Prognosis of Vestibular Dysfunction in Patients With Idiopathic Sudden Sensorineural Hearing Loss

Vestibular Disorder Clinical Trial

Official title:

Prognosis of Vestibular Dysfunction in Patients With Idiopathic Sudden Sensorineural Hearing Loss

Clinical Trial Details — Status: Completed

Administrative data

• NCT number: NCT03951584
• Other study ID #: Cohort ISSNHL with vertigo
• Status: Completed
• Start date: May 15, 2019
• Est. completion date: May 1, 2022

Study information

• Verified date: February 2020
• Source: Eye & ENT Hospital of Fudan University
• Contact: n/a
• Is FDA regulated: No
• Study type: Observational

Clinical Trial Summary

Idiopathic sudden sensorineural hearing loss (ISSNHL) refers to idiopathic sensorineural hearing loss of at least 30 dB over at least three test frequencies occurring over a 72-hour period. Vertigo has been considered a risk factor of poor prognosis in patients with ISSNHL. However, the clinical outcome and development of vestibular function in these patients have not been reported yet. We'd like to conduct a study on the problem whether these patients resulted in a complete recovery of the peripheral vestibular functions or compensation of the central vestibular system. If the answer is the former one, these cases might be supportive evidence of regeneration of hair cells in vestibular disorders.

Description:

This study is designed as a prospective cohort study with only one cohort. Enrolment and data collection are performed by trained research staff who are not involved in the care of the patients. The primary measurement is the vestibular function tests including SOT, the caloric reflex test, vHIT, VEMP (cVEMP and oVEMP). The secondary measurements included PTA, DHI, and VAS. The sample size was set at 60 patients. The continuous variables were expressed as means ± standard deviation (SD) whereas categorical variables were expressed as frequency and percentage for data description. P <0.05 was considered statistically significant.

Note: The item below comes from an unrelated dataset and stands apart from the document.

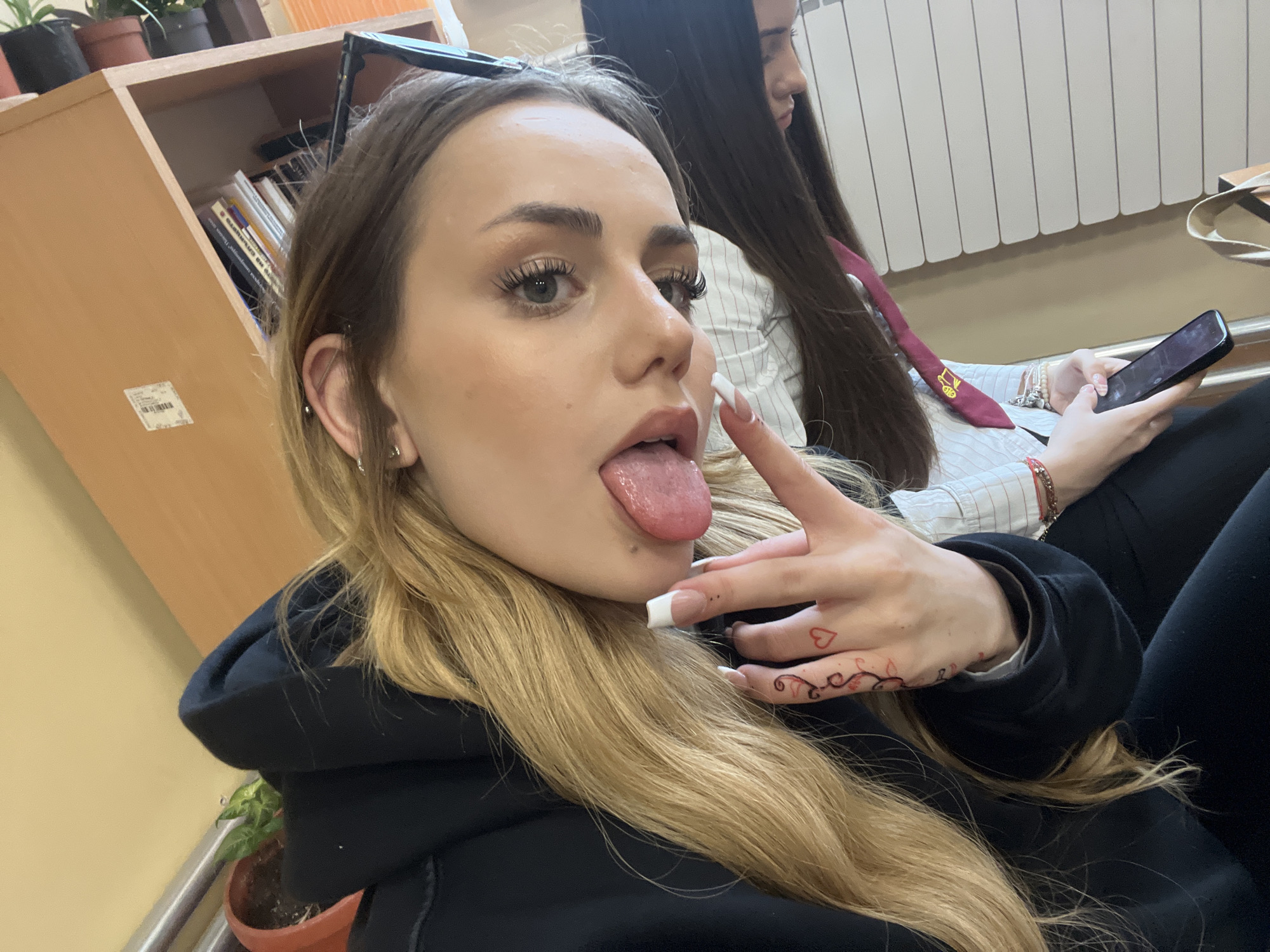 A selfie shows a fair-skinned young woman with long, blonde hair sticking her tongue out, while a dark-haired young woman sits behind her looking at a phone. The blonde woman has long, white-tipped nails and a heart-shaped tattoo on her fingers. The environment appears to be indoors, possibly in a classroom or office, with a radiator visible behind the seated woman, and a bookshelf on the left side of the frame. There is no other information available to pinpoint the location to the city of Ruse, Bulgaria.

Recruitment information / eligibility

• Status: Completed
• Enrollment: 86
• Est. completion date: May 1, 2022
• Est. primary completion date: May 1, 2022
• Accepts healthy volunteers: No
• Gender: All
• Age group: 16 Years to 70 Years

Eligibility

Inclusion Criteria:

• 16 to 70 years old.
• Diagnosed as ISSNHL.
• Present with vertigo.
• At least 1 abnormal result in vestibular function tests(SOT, vHIT, caloric reflex test, and VEMP).
• The onset of the disease was within 30 days.

Exclusion Criteria:

• Unwilling to sign informed consent.
• The cause of sudden hearing loss has been identified, such as trauma, vasogenic disease, et al.
• Bilateral hearing loss.
• Patients with coexisting vestibular disorders, including Meniere disease, vestibular neuritis, labyrinthitis, and peripheral vestibular loss et al.
• Patients not suitable to receiving vestibular function tests, such as those with severe cervical spine disease, cardiovascular disease, or pregnancy et al.
• Cognitive impairment;
• Other conditions that the investigator evaluated the patients as not appropriate for this study.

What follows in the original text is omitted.